The ongoing DOJ probe, which has been in the news over the last several months, is focused on whether short sellers conspired to drive down the price of stocks by sharing reports and engaging in illegal trading practices, including spoofing and scalping.
It had previously been reported earlier this month by Bloomberg that electronic devices belonging to Citron Research’s Andrew Left had also been seized from his home in early 2021.
The investigation is “being led in part by the U.S. Attorney’s Office in Los Angeles, an office known for prosecuting organized crime rings,” the Journal wrote.

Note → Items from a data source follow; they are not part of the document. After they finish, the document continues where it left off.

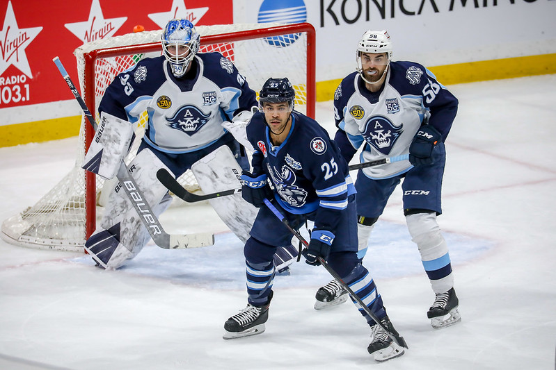 The Admirals took a 2-0 lead when the trio of Michael McCarron, Frederick Gaudreau and Yakov Trenin worked together to get the tally. McCarron chased Moose defenseman Leon Gawanke behind Manitoba’s net and bumped him off the puck. Gaudreau quickly passed the puck to Trenin in the right circle and Trenin snapped a shot into the net at 5:19 for his 16th goal of the season.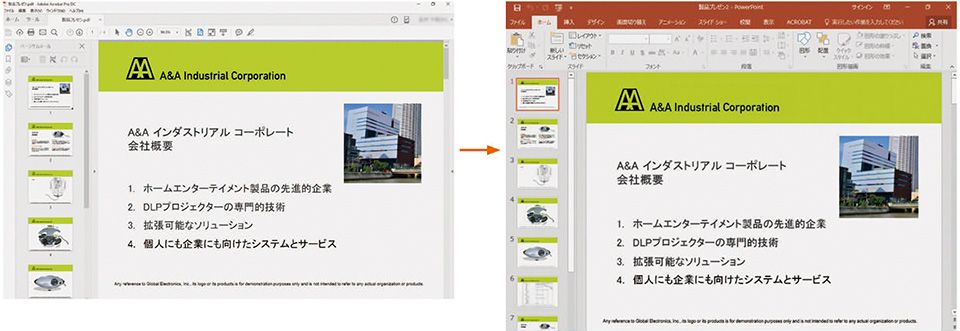 PDFを簡単に編集可能なPowerPoint形式に保存することができます。PDFのページが書式やレイアウトを保持したままPowerPointのページとして変換されます。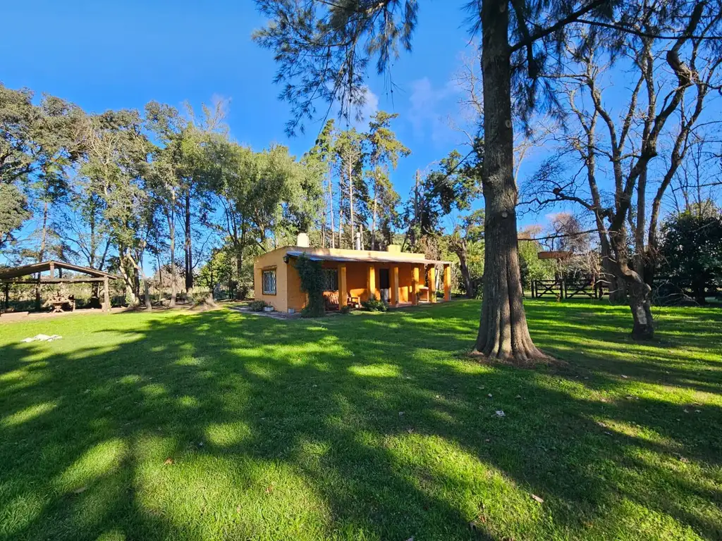 Divina chacra de 4.16 has en Mercedes, cerca de Ruta 5 y Ruta 41 camino a Navarro, excelente zona. Campo mixto ideal para uso vacacional y de fines de semana. Casa en 1 planta con: Living comedor con chimenea, 2 dormitorios y 1 baño completo, galería. Gran parque con pileta y sector de frutales, quincho con parrilla y fogonero. Tanque de agua e instalación nuevas. Galpón para maquinaria y herramientas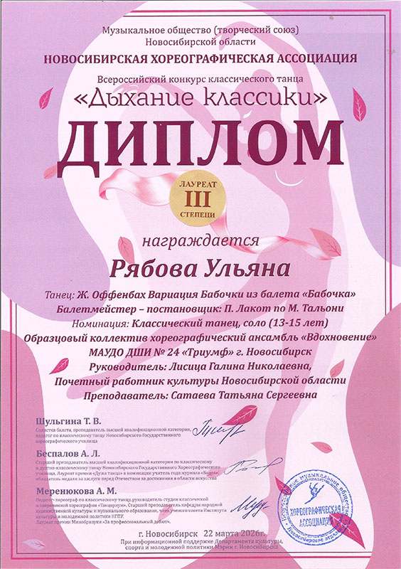 - Рябова Ульяна, танец «Вариация Бабочки из балета «Бабочка» – Диплом лауреата III степени в категории «13-15 лет»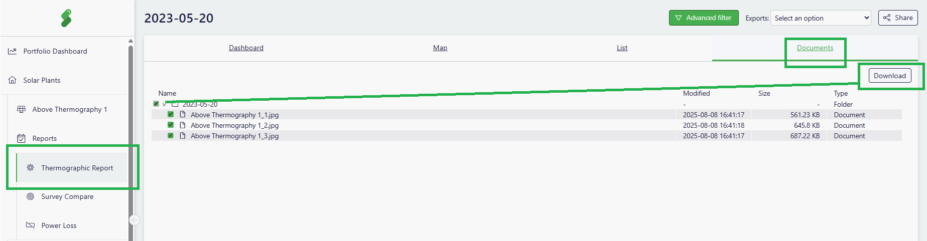 Typically, when a Thermographic inspection is done, the drone pilot will take images of the entire site from overhead. This can be downloaded from the Documents tab and used for reports or marketing.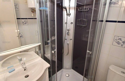 Beautiful Studio on the ground floor offering you, a cabin entrance welcoming two single beds (90) bunk, a beautiful living room with kitchen area equipped with dishwasher, a 140 bed, a lounge area with sofa giving you a direct view on the sea.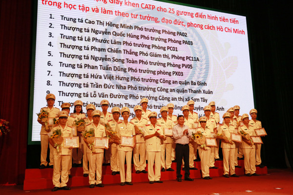 Thiếu tướng Đào Thanh Hải, Phó Bí thư Đảng ủy, Phó Giám đốc CATP và ông Nguyễn Văn Phong, Ủy viên Ban thường vụ Thành ủy, Trưởng ban Tuyên giáo Thành ủy Hà Nội tặng hoa và giấy khen của Giám đốc CATP cho 25 gương điển hình tiên tiến trong học tập và làm theo tư tưởng đạo đức Hồ Chí Minh

Spoofing is the process of bluffing bids and offers on a certain security, which can create the false impression of buyers and sellers when there are none. It has been against the law since 2010 and, since 2020, the DOJ has charged 20 people with crimes related to spoofing.
The work of the DOJ is being helped along by Columbia Law School professor Joshua Mitts, who published an academic paper called “Short and Distort” wherein he critiqued the tactics of short sellers. He “has been advising” the DOJ in its investigation, the Journal reported.
Days ago, a report by Dealbook stated that, based on Block’s analysis, Mitts’ academic paper overlooked that only about 20% of the study’s authors (who are required to make a disclosure by Seeking Alpha before publishing) said they were short the stocks they were writing about.
“75 percent of the Seeking Alpha cases that the ‘Short and Distort’ research examined are not in the database of activist short seller campaigns compiled by Activist Insight, a leading provider,” Block also pointed out.
Block has called Mitts “a corporate lobbyist masquerading as an academic.”
The critiques of spoofing aren’t new, either, and were examined in the case of Muddy Waters’ short of Burford Capital.
The London Stock Exchange said it found “no evidence whatsoever” of manipulated trading in Burford after Muddy Waters announced it was short the name in August 2019.
Burford also cited Mitts’ report as part of their application to the LSE to try and reveal who was trading in the company’s shares prior to a 60% fall in the company’s stock price. The London Stock Exchange called the allegations “completely detached from reality” in 2020:
The London Stock Exchange said it had found “no evidence whatsoever” of spoofing or layering, in its own court filings, after a thorough investigation of Burford stock trades. It said it was “difficult to know where to begin with these extreme and wholly unjustified allegations” and attacked Burford’s “willingness to make serious allegations . . . that are completely detached from reality”.